The following tests may also be ordered:

  • Blood test: These measure how well the liver is functioning. If levels of alanine transaminase (ALT) and aspartate transaminase (AST) are high, the patient may have hepatitis.
  • Imaging tests: Ultrasound, CT, or MRI scans can be used to see whether the liver is enlarged and detect any scarring or nodules.
  • Biopsy: A small sample of liver cells is extracted and examined under a microscope. The biopsy can confirm cirrhosis and its cause.
  • Endoscopy: The doctor inserts a long, thin tube with a light and video camera at the end goes through the esophagus and into the stomach. The doctor looks out for swollen blood vessels called varices than can be a sign of cirrhosis.

Complications

Cirrhosis can lead to several other conditions, some of which are life threatening. These include:

Ascites or edema: Ascites is an accumulation of fluid in the abdomen, and edema is an accumulation of fluid in the legs. They can be treated with a diet low in salt and diuretics. In severe cases, fluid may have to be drained repeatedly. Sometimes surgery is needed.

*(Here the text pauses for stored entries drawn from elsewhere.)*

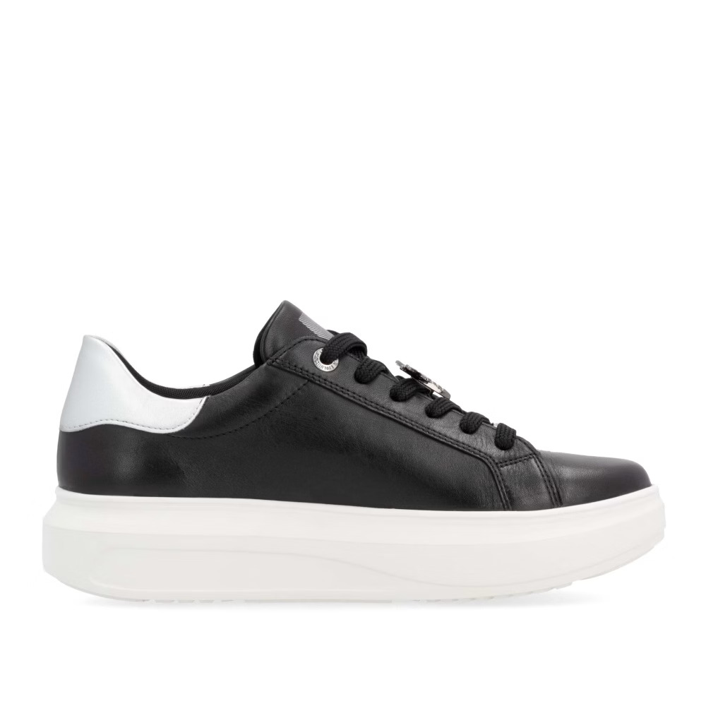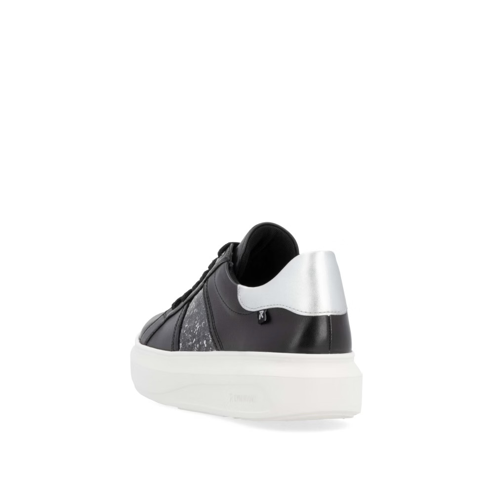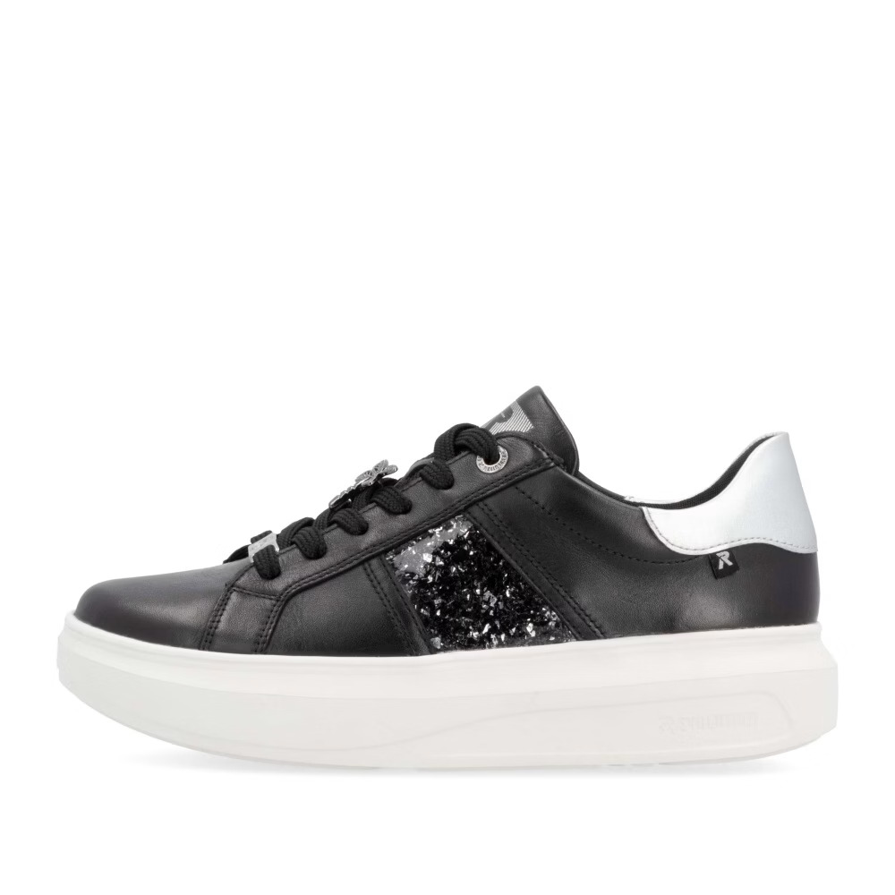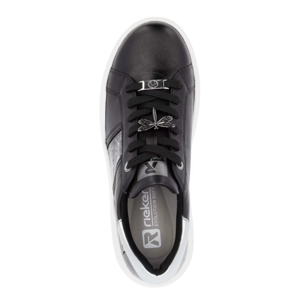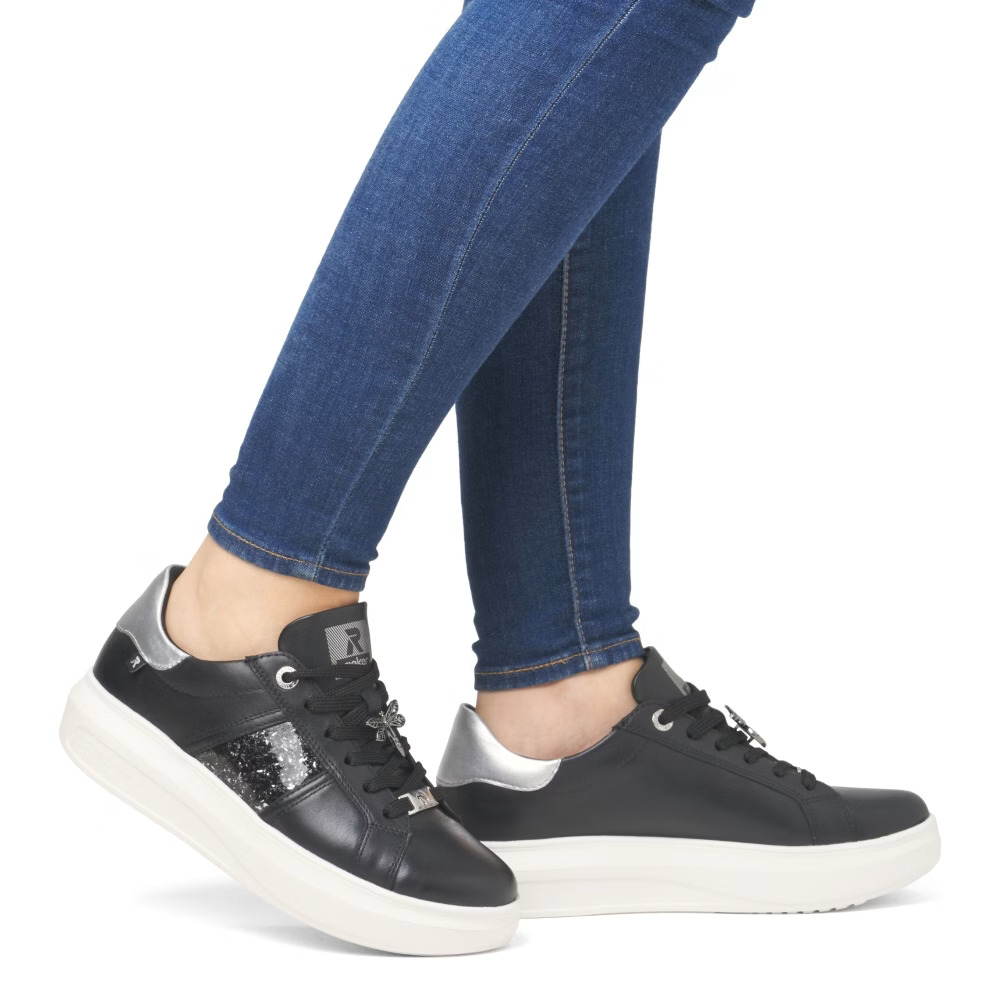A Rieker REVOLUTION bemutatja a modern sportcipők új sorozatát, amely még az egész napos viselet során is különös hangsúlyt fektet a kényelemre. Ezek az egyedi tornacipők minden ruhát a következő szintre emelnek. A fekete bőr felsőrész eredeti dizájnelemekkel az oldalán, fémes ezüst sarokkal és dekoratív szitakötővel a fűzőkön lenyűgöz, biztosítva, hogy ezek a cipők ne maradjanak le. A fűzés lehetővé teszi, hogy a cipőt az Ön igényei szerint alakítsa. Séta közben értékelni fogja a puha, kivehető talpbetétet, amely minden lépésnél kényelmet biztosít. Bárhová is megy, ezek a cipők megbízható és kényelmes társak lesznek. Technológia: RevolutionSoft: Egyedülálló talpbetét, amely puhítja a lábfejet és tökéletesen alkalmazkodik a lábad formájához. Kivehető talpbetét: Az egyszerű karbantartás és a nagyobb kényelem érdekében.
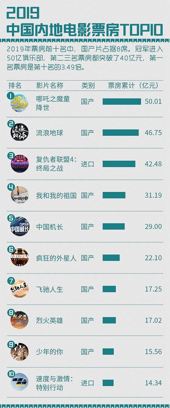 ¡¡¡¡ÔÚµçÓ°°å¿é£¬°×ƤÊéÖ¸³ö£¬2019Äê¹ú²úƬÔÚÆ±·¿ºÍ¿Ú±®ÉÏÓÅÊÆÃ÷ÏÔ£¬Ä򵯮±·¿ÅÅÐаñÅÅÃûǰ10µÄӰƬÖÐÓÐ8²¿¹ú²úƬ¡£ÆäÖУ¬ÅÅÃûǰ4µÄӰƬ¹±Ï×Á˳¬¹ý150Ò򵀮±·¿£¬¼¸ºõÊÇÈ«Äê×ÜÆ±·¿µÄËÄ·ÖÖ®Ò»¡£ÅÅÃûǰ3µÄӰƬ£¬¹ÛÓ°È˴ζ¼ÔÚ1ÒÚ×óÓÒ¡£
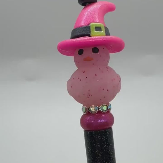 Rubber Duckie Halloween Pen, Rubber Duck Witch Hat Pen, Beaded Duckie Pen, Beaded Halloween Duck Pen
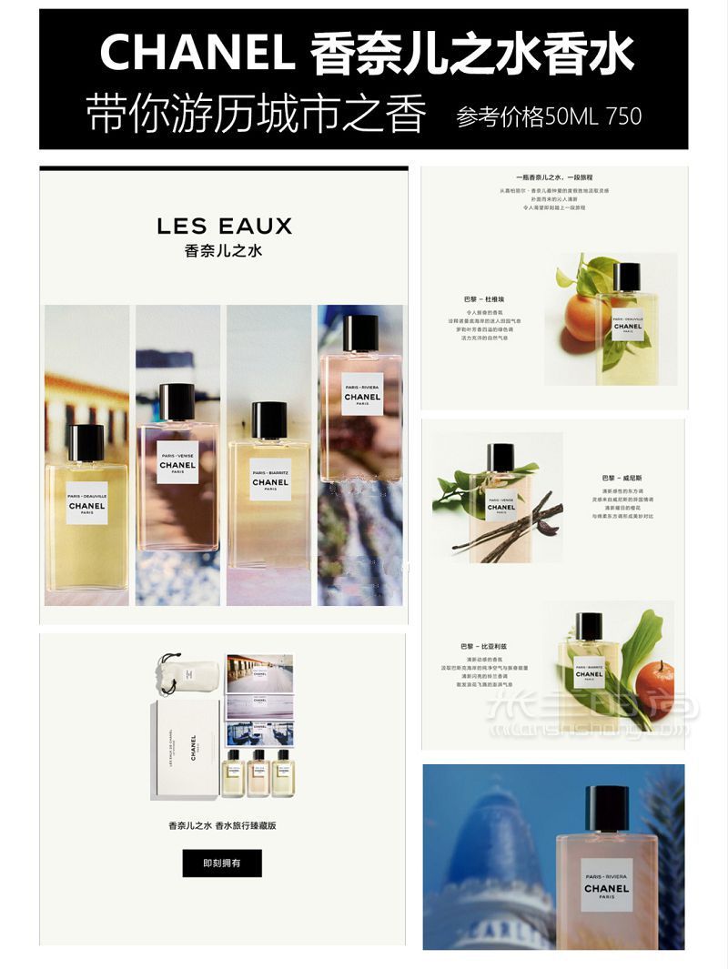 8 香奈儿之水,城市香。这个系列很特别巴黎威尼斯,巴黎比亚利兹,还有巴黎杜维埃。用了城市的感觉来做香水。个人最喜欢威尼斯。东方的调调。
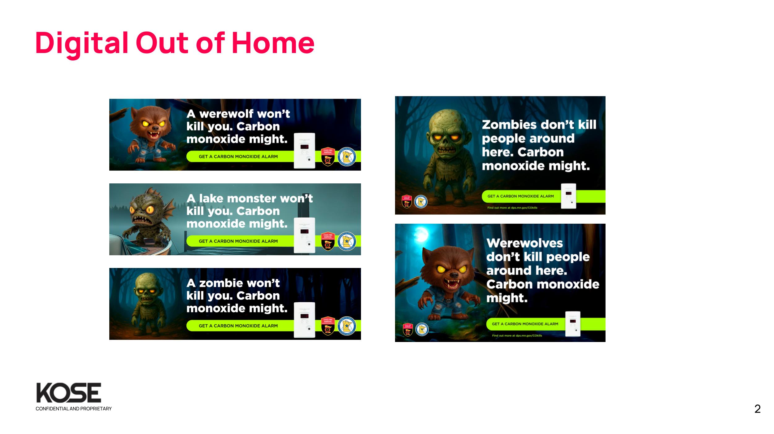 Carbon monoxide is a silent killer—odorless, colorless, and often overlooked. To capture attention and save lives, the Minnesota Department of Public Safety (MDPS) and the State Fire Marshal partnered with independent media agency KOSE and independent creative agency Electric, to launch a suspense-themed public awareness campaign using classic horror tropes and artificial intelligence to expose a real danger hiding in plain sight.
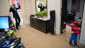 La imagen tomada por el fotógrafo Peter Souza muestra a Obama simulando ser atrapado por la tela araña lanzada por un mini súper héroe. La foto habría sido tomada en Halloween, y el niño sería el hijo de un miembro del equipo del presidente, posiblemente de un ministro.
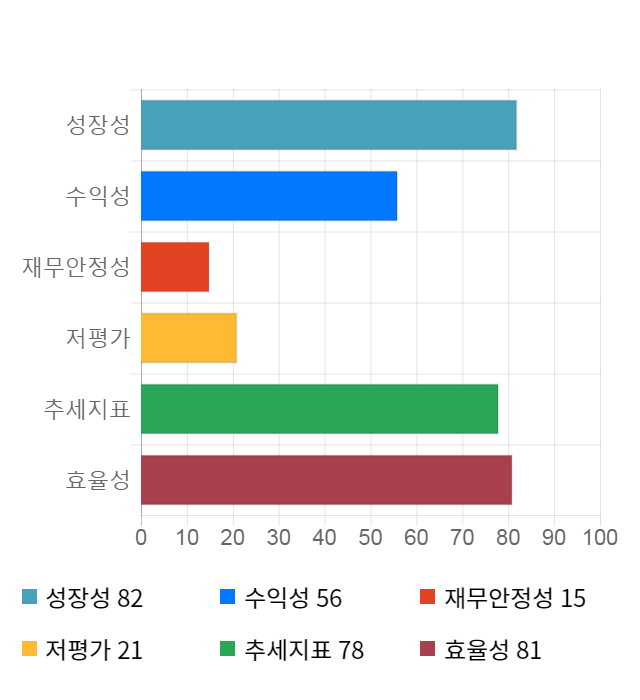 성장성 점수는 기업의 실적이 전년 동기 대비 얼마나 증가했는지를 나타낸 지표로 기업의 이익 성장 추세를 나타낸다.
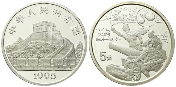 Repubblica Popolare Cinese, dal 1949. 5 Yuan 1995. Antiche invenzioni - Cannone e potenza d'arma da fuoco.
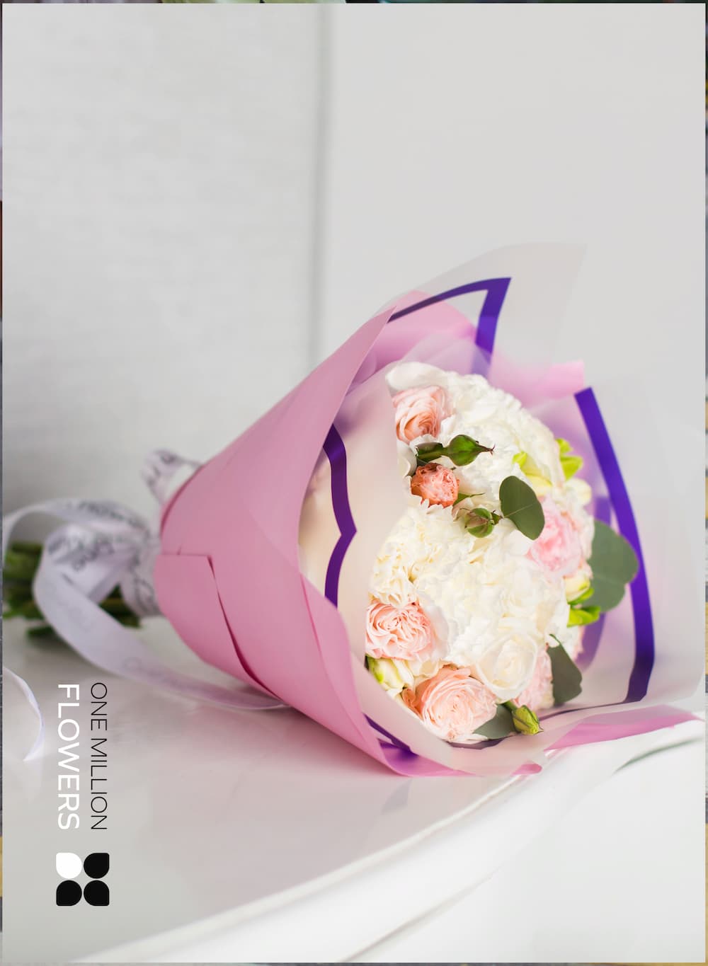 - Диантус белый (Гвоздика) — 11 шт. - Фрезия белая — 6 шт. - Пионовидная роза Пинк Охара — 4 шт. - Эустома Белая — 4 шт. - Роза кустовая Бомбастик Кремовый (нежно) — 9 шт.
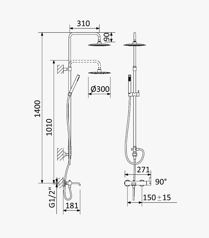 Zestaw natryskowy z deszczownicą, ramieniem, baterią i słuchawką
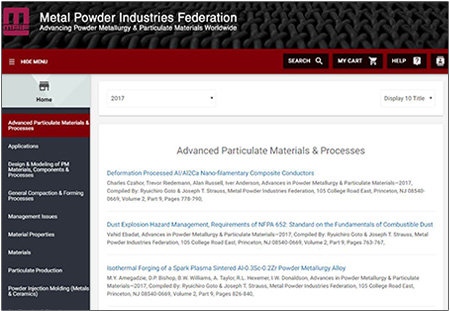 The MPIF Digital Library is available for the entire PM industry. It contains thousands of technical manuscripts from MPIF technical conferences dating back to 1946 in a completely searchable database. The library allows users to download individual papers instead of requiring the purchase of an entire conference proceeding. Search options are available by title, author, keyword, publication type, categories, or copyright year.
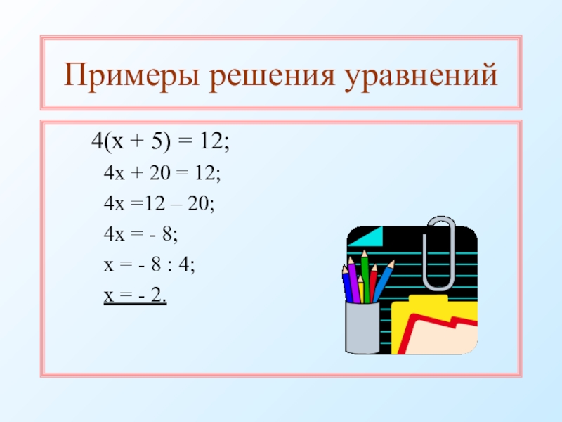 Примеры решения уравнений    4(х + 5) = 12;	4х + 20 = 12;	4х =12 –
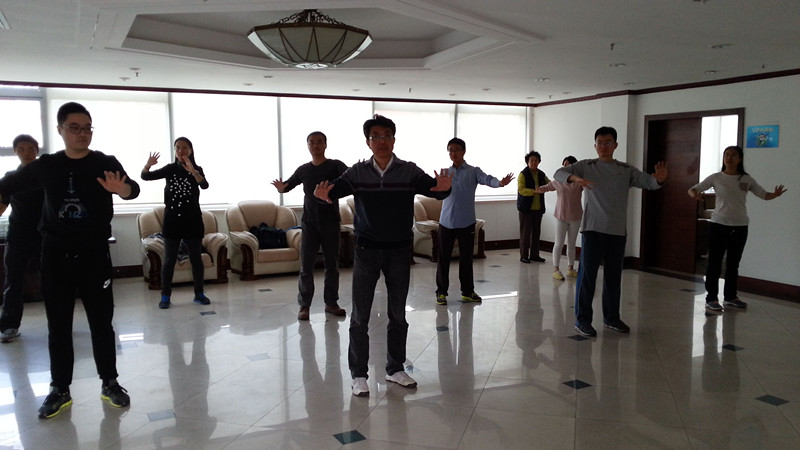 作者:刘运杰 学拳小记 这次学拳,先复习上次教的内容,然后王国燕教练教到第二个“临崖勒马”。在学的这段动作上,转身比较多,比第一段难度加大。在练习的时候,小凌老师对我们说,打拳要放松,要安详,并带我们打了一遍,跟着小凌老师打,有些动作能体会到轻灵的劲,跟着自己也变得轻灵了。这次学习体会主要有三点:第一,打完后腹部热乎乎的,很舒服,结束后一两个小时都是这样,是不是气血活动开了;第二,自己的左腿很酸,我认为是自己的动作不正确,特别是“闭门推月”后的转身,左腿没有调整过来,有点“拧”着用力,到了晚上很累,早早上床就睡了;第三,“临崖勒马”中两脚的角度掌握不好,王教练帮我纠正了多次,需要在练习中多体会。
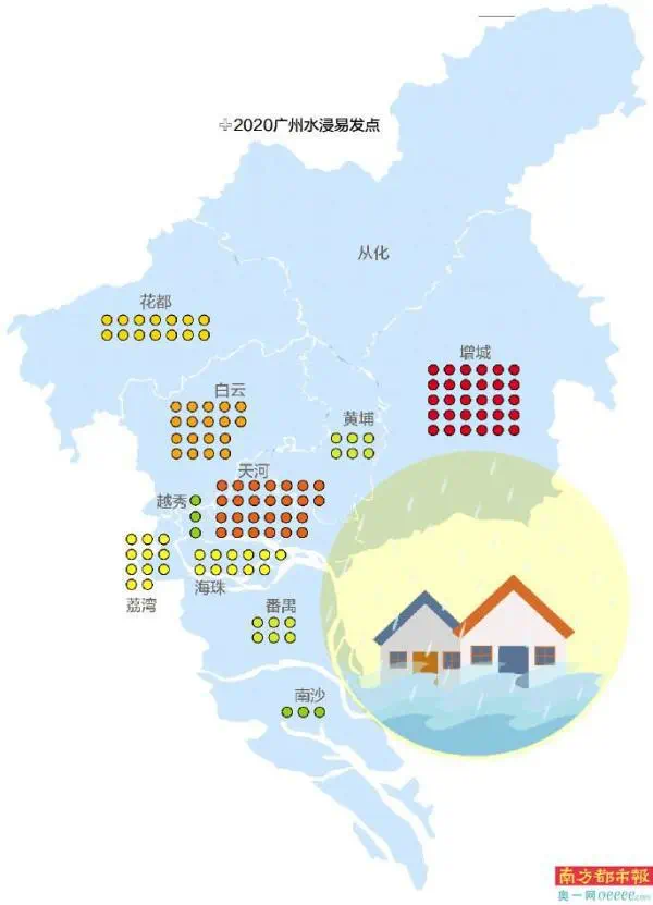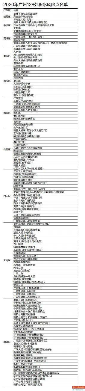 按行政区划分,增城区一共有30处地点被纳入,成为全市最多积水风险点的行政区;天河区以26处位居次席,白云区有18处,花都区有14处,海珠区和荔湾区各有11处,番禺区和黄埔区各有6处,南沙区和越秀区各有3处,从化区成为广州所有行政区中少有没有“上榜”积水风险点的区。

Varices and portal hypertension: These are large swollen and esophagus and stomach veins. They can increase blood pressure in a vessel called the portal vein of that carries blood from the spleen and intestine to the liver. Varices can rupture, causing severe blood loss and blood clots.

Hepatic encephalopathy: This refers to high levels of toxins in the blood where the liver is filtering and not all of them successfully.

Hepatocellular carcinoma: This is the most common type of liver cancer. It is the third leading cause of cancer death worldwide.

hepatopulmonary syndrome (HPS): HPS Medical defined as a combination of liver disease, dilated blood vessels in the lungs, and abnormalities in gas exchange. It is linked to an increase in the mortality rate of people waiting for a liver transplant.

coagulation disorders: Cirrhosis can cause problems with blood clotting, resulting in potentially fatal bleeding and clotting.

Prevention

To stop cirrhosis, it is strongly recommended that you remain within acceptable regular and weekly alcohol limits. Please review the following useful information on drinking in moderation from the Centers for Disease Control and Prevention ( CDC).

Individuals suffering from cirrhosis should avoid alcohol altogether. Alcohol speed the disease progression up.

Be sure to take the following steps to prevent contracting hepatitis B and C:

  • Use a condom when having sex.
  • Do not share needles when injecting drugs.
  • People at risk of becoming infected with hepatitis B, such as healthcare workers, social care workers, and police personnel, can be vaccinated

Since cirrhosis can not be reversed or remedied once it reaches a certain stage, the best form of treatment is often considered to be prevention.